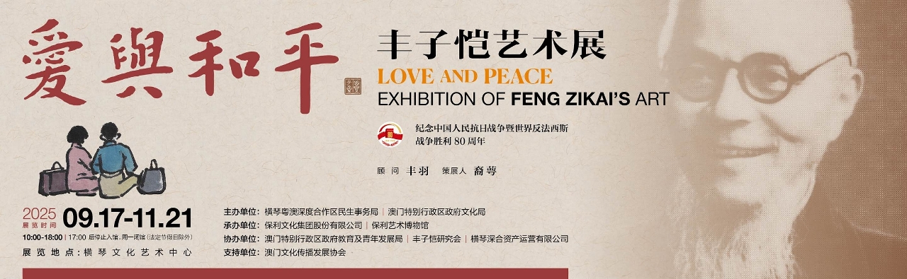 为纪念中国人民抗日战争暨世界反法西斯战争胜利80周年,传承和弘扬中华优秀传统文化的深厚底蕴,在横琴粤澳深度合作区成立四周年之际,“爱与和平——丰子恺艺术展”应运而生。本次展览由横琴粤澳深度合作区民生事务局与澳门特别行政区政府文化局主办,保利文化集团股份有限公司、保利艺术博物馆承办,澳门特别行政区政府教育及青年发展局、丰子恺研究会、横琴深合资产运营有限公司协办,澳门文化传播发展协会支持,旨在以艺术为桥梁,连接历史与当下,让粤澳居民重温丰子恺先生佳作,感受其爱国热忱与文人风骨。
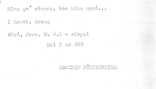 //// Mina go' vänner, kom höra uppå... //// é f //// I Rausk, dreng //// Wörå, Pens. W. 4.5 - simpel //// Del I nr 403 //// RANCKEN FÖRTECKNING ////
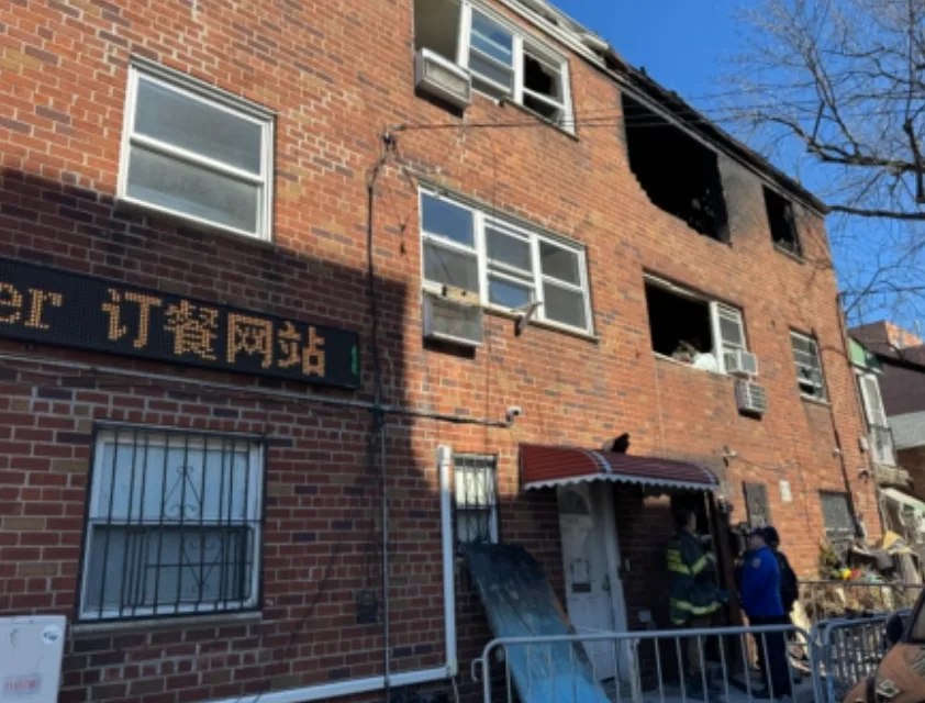 火灾发生在Avery大道132-05号,这是一栋建于1970年的老旧住宅。火势来势凶猛,三楼被完全烧空,屋顶被烧穿,整栋楼呈现出触目惊心的焦黑状态,二楼严重受损,内部几乎成为废墟。现场记者形容,“满目疮痍,一片死寂”。
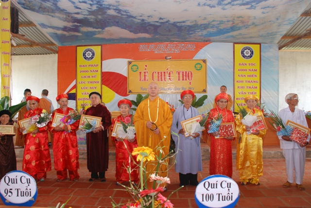 Quý cụ Ông cụ Bà không thể che dấu được niềm vui nỗi xúc động. Niềm hân hoan tràn lên khóe mắt. Lòng vui sướng và niềm hân hoan khi các cụ được chính Thượng Tọa Trụ Trì trao bảng mừng thọ và tặng hoa cùng với những lời chúc thọ đầy hoan hỉ của con cháu. Bài hát “Đôi chân trần” của nhạc sĩ I-Phôn và bài “Trái Tim của Mẹ” của nhạc sĩ  Chân Quang được Phật Tử Nguyên Lê thể hiện là tấm lòng tha thiết của những người con kính dâng lên cha mẹ, ông bà và những bậc cao niên đang hiện hữu. Tiếng nói cười rộn rã, những lời chúc tụng, những vòng tay thân thương vẫn còn vang mãi, vương vấn mãi cho đến tận phút giây bế mạc.
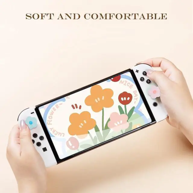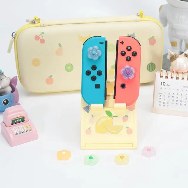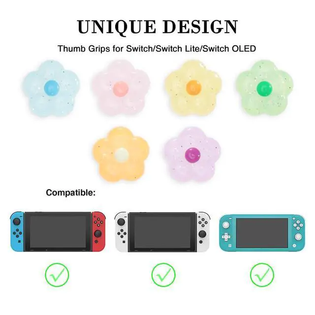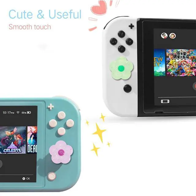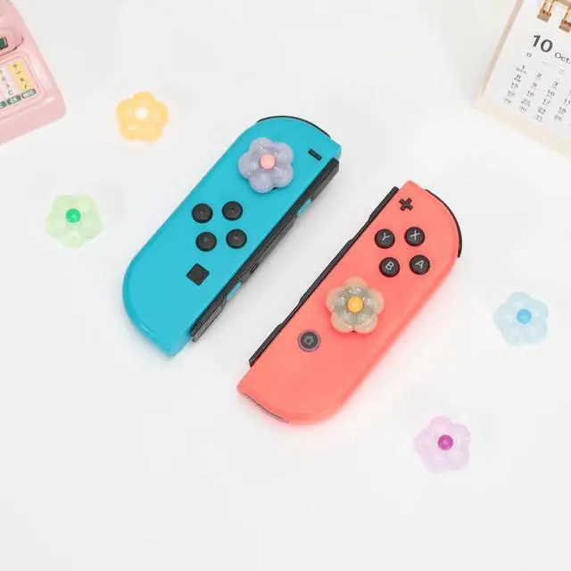 Cute Switch Joycon Thumb Grip Caps, Kawaii Glitter Flower Joystick Button Cover
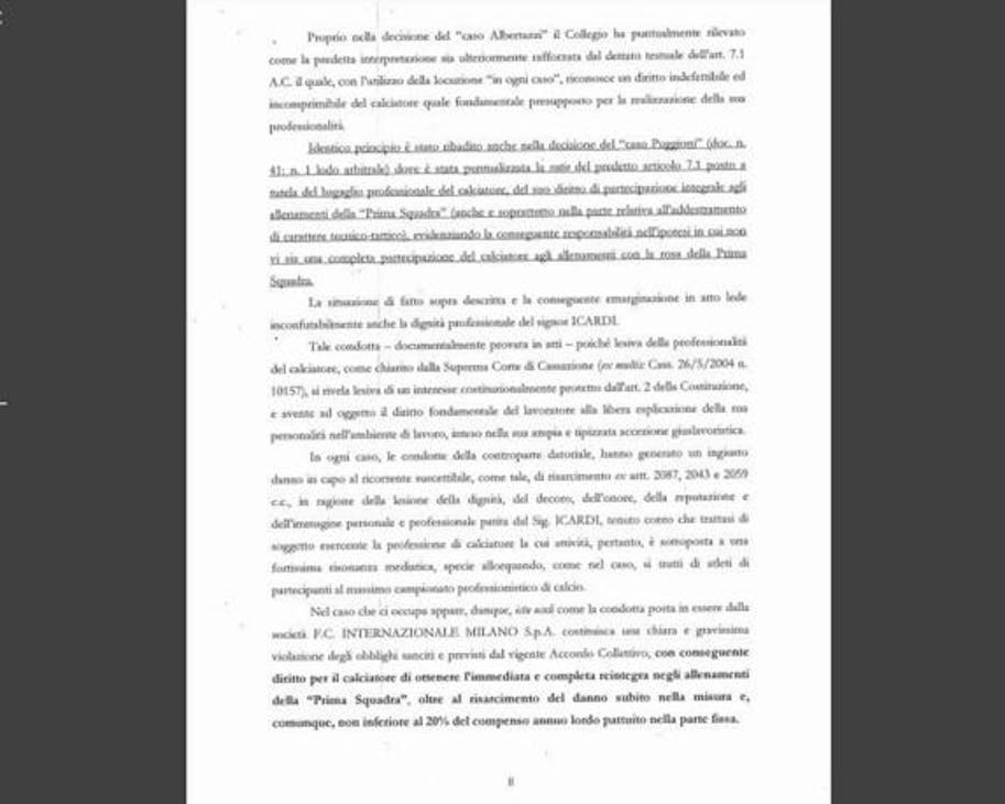 Cosa c’è dietro? L’ex capitano nerazzurro ha chiesto 1.501.500 euro di danni al club nerazzurro (il 20% del suo stipendio lordo di 7.507.500 euro), oltre al reintegro a pieno titolo in squadra. I motivi principali? L’argentino si sente “gravemente discriminato e vessato. Leso nella dignità, nell’immagine, nella reputazione professionale e personale”. La guerra tra Icardi e l’Inter ora passa in tribunale, dove sarà un lodo arbitrale a stabilire chi ha ragione tra le parti. Il club nerazzurro entro martedì nominerà il suo arbitro di parte.
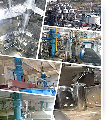 脫色罐:主要攪拌目的是物料輕輕攪動脫色,低轉速大直徑的轉動,不能使物料大范圍的攪拌以破壞脫色效果。使用的槳葉形式有:斜葉槳式(XJ、HJ、QJ等)。
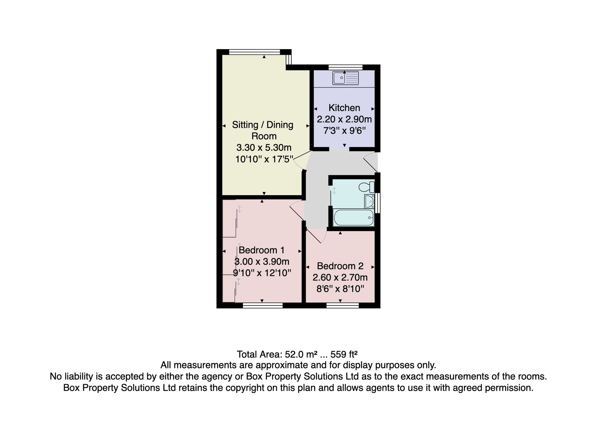 The accommodation is served by a bathroom fitted with a white suite comprising WC, basin and bath.
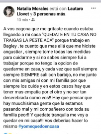 Una trabajadora de la planta de Bagley Salto, firma que tuvo su primer caso de Coronavirus en un empleado, relató a través de las redes sociales un hecho lamentable, que deja ver que esta pandemia no nos ha vuelto mejores personas, si no todo lo contrario: sacó lo peor de nosotros como sociedad.  La falta de empatía, solidaridad y respeto son protagonistas por éstos días, hecho que preocupa y genera dolor.  Natalia Morales es empleada de Bagley. Notablemente indignada, escribió: " A vos, cagona, que me gritaste cuando estaba llegando a mi casa 'Quedate en tu casa y no traigas la peste acá' porque trabajo en Bagley, te cuento que, más allá de que me hiciste angustiar, siempre tomé todas las medidas para cuidarme". Y agregó: "Siempre fui a trabajar porque no tengo la opción de quedarme en mi casa". En ese sentido, la operaria aseguró: "Siempre que salí lo he hecho con barbijo. No me junto con mis amigas ni con mí familia porque siempre los cuidé y en éstos casos hay que tener más empatía por el otro y no ser tan descerebrada como vos". Con dolor e impotencia, Natalia siguió: "Hay que pensar que muchísima gente la está pasando muy mal, y mi compañero junto a su familia, peor".  Y remató: "Quedate tranquila que me voy a quedar en mi casa y vos debería hacer lo mismo".
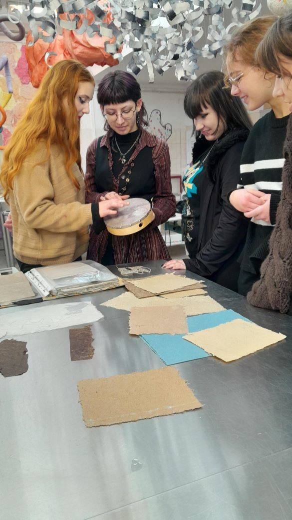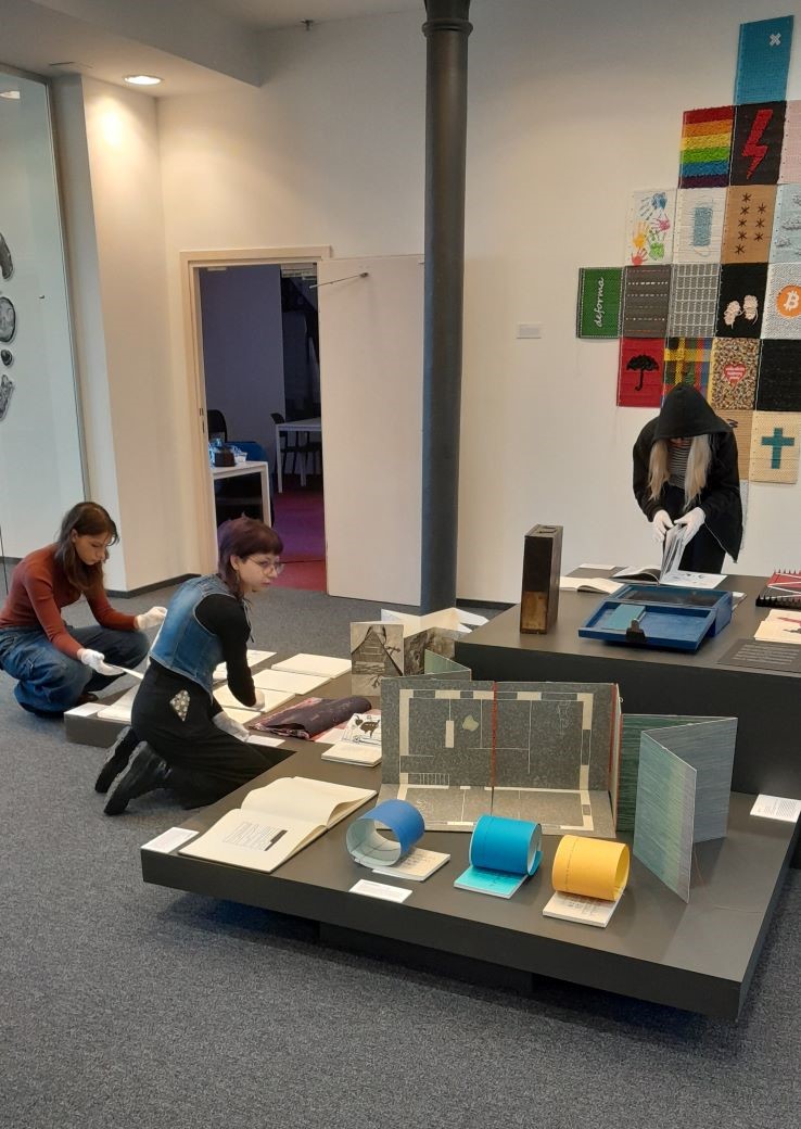 Uczestniczki miały okazję eksperymentować z szeroką gamą papierów i elementów składających się na formę wydawniczą w Muzeum Książki Artystycznej.
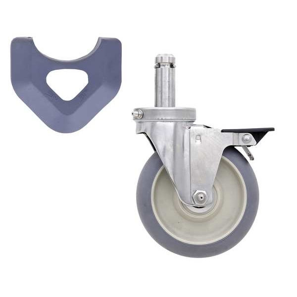 High Modulus Donut Cart-Washable Swivel, Caster Wheel/Configuration Swivel with Brake, Caster Wheel Type Solid Rubber, Caster Wheel/Tread Material Rubber, Caster Frame Material Stainless Steel, Caster Mounting Height 6 1/16 in, Caster Mounting Type Stem, Caster Stem Length 2 3/16 in, Caster Wheel Diameter 5 in, Gray, Silver, Overall Height 8 1/4 in, Overall Width 2 1/2 in, Compatible Manufacturer Model Number Industrial Plastic Shelving Racks
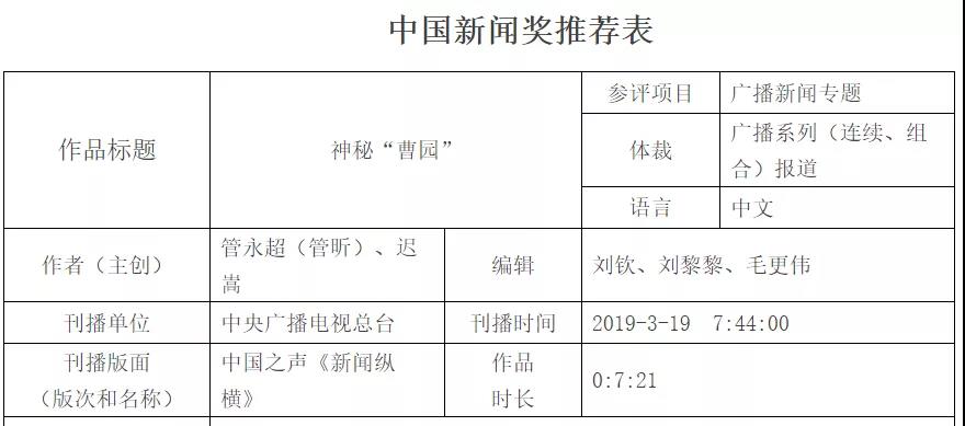 在第三十届(2019年度)中国新闻奖获奖作品中,获一等奖的《神秘“曹园”》是一件舆论监督报道。新华社播发的第三十届中国新闻奖揭晓的通稿中特别提到了这篇报道。

How to complete this task: Starting with the first line of the material above and ending with the line that holds "RANCKEN FÖRTECKNING ////", write out those lines exactly, without pictures.

Task response:
 为纪念中国人民抗日战争暨世界反法西斯战争胜利80周年,传承和弘扬中华优秀传统文化的深厚底蕴,在横琴粤澳深度合作区成立四周年之际,“爱与和平——丰子恺艺术展”应运而生。本次展览由横琴粤澳深度合作区民生事务局与澳门特别行政区政府文化局主办,保利文化集团股份有限公司、保利艺术博物馆承办,澳门特别行政区政府教育及青年发展局、丰子恺研究会、横琴深合资产运营有限公司协办,澳门文化传播发展协会支持,旨在以艺术为桥梁,连接历史与当下,让粤澳居民重温丰子恺先生佳作,感受其爱国热忱与文人风骨。
 //// Mina go' vänner, kom höra uppå... //// é f //// I Rausk, dreng //// Wörå, Pens. W. 4.5 - simpel //// Del I nr 403 //// RANCKEN FÖRTECKNING ////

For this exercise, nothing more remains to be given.